Sean Higgins of the Washington Examiner had this story on Friday, but for some reason I haven’t seen it widely reported or commented on. Since Wisconsin stopped forcing public employees to pay union dues against their will, union membership in that state has plummeted:

According a Labor Department filing made last week, membership at Wisconsin’s American Federation of State, County and Municipal Employees Council 40 — one of AFSCME’s four branches in the state — has gone from the 31,730 it reported in 2011, to 29,777 in 2012, to just 20,488 now. That’s a drop of more than 11,000 — about a third — in just two years. The council represents city and county employees outside of Milwaukee County and child care workers across Wisconsin.

Labor Department filings also show that Wisconsin’s AFSCME Council 48, which represents city and county workers in Milwaukee County, went from 9,043 members in 2011, to 6,046 in 2012, to just 3,498 now.

Higgins notes that the Wall Street Journal had previously reported that statewide AFSCME membership “fell to 28,745 in February from 62,818 in March 2011,” but the union has disputed those numbers.

While it will take a while for the exact dimensions of the unions’ decline to become clear, the trend is obvious: when public sector unions don’t have the compulsion of the state behind them, their ranks will thin considerably.
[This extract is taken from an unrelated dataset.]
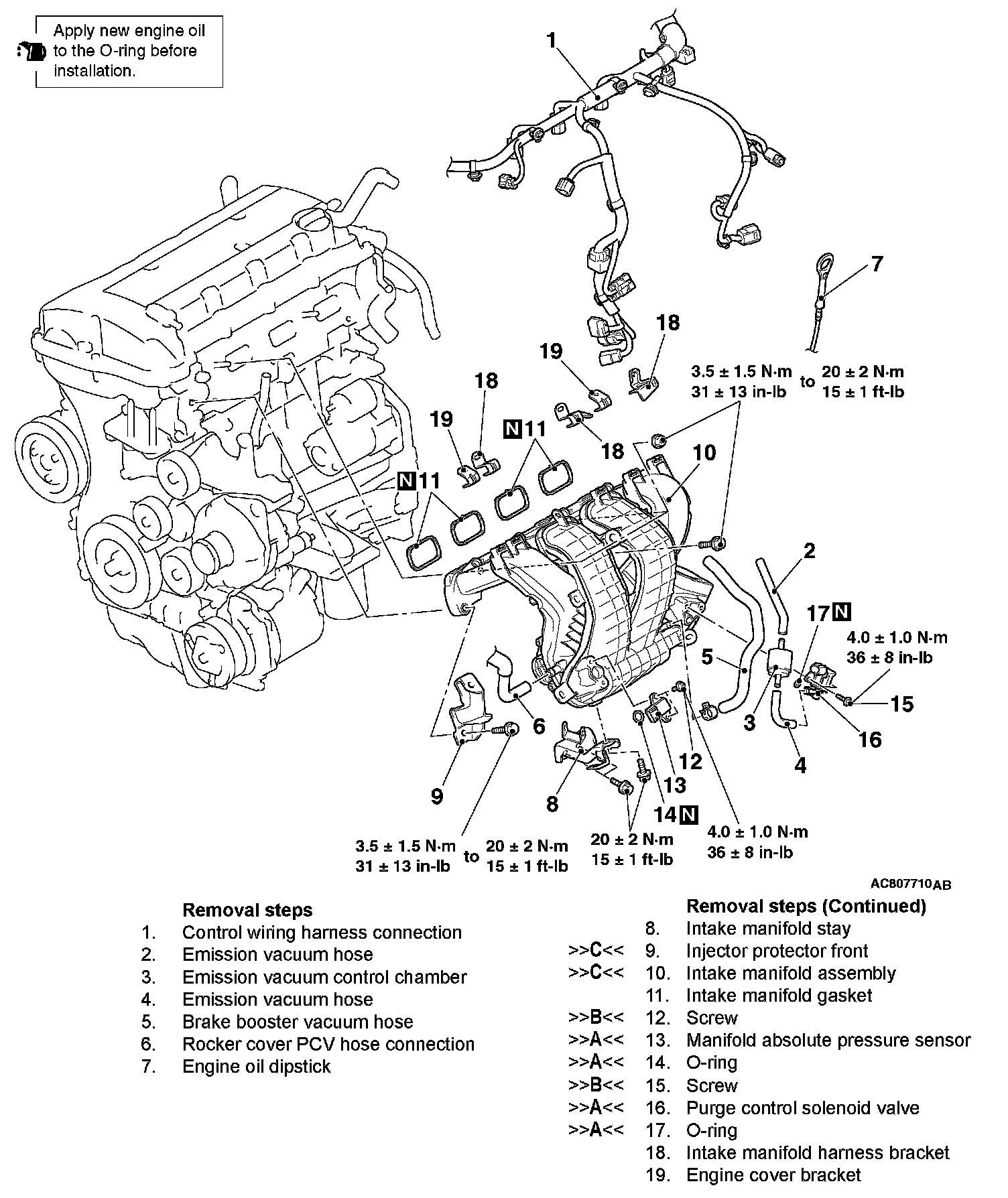 ]]A[[ O-RING/PURGE CONTROL SOLENOID VALVE/O-RING/MANIFOLD ABSOLUTE PRESSURE SENSOR INSTALLATION
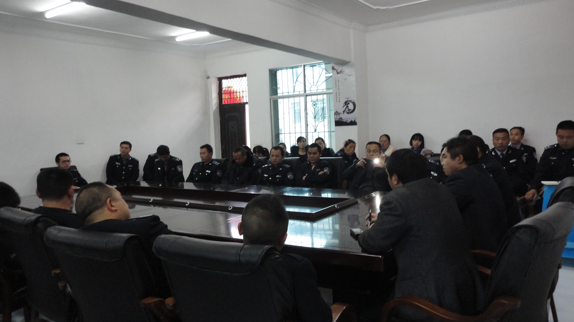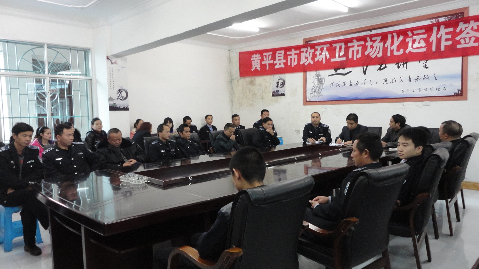 图为黄平县市政执法大队在研究“管干分离”的新问题JPG

I would guess that within another couple of years, public sector union membership in Wisconsin will be less than half what it was before membership became voluntary, if it isn’t already. There is an important lesson here: not only did Scott Walker’s reforms strike an important blow for employee freedom, they also had the happy side-effect of depriving the unions of a large chunk of their funding, and therefore their ability to sway elections. So it is a win-win for everyone, except union bosses and the politicians they support.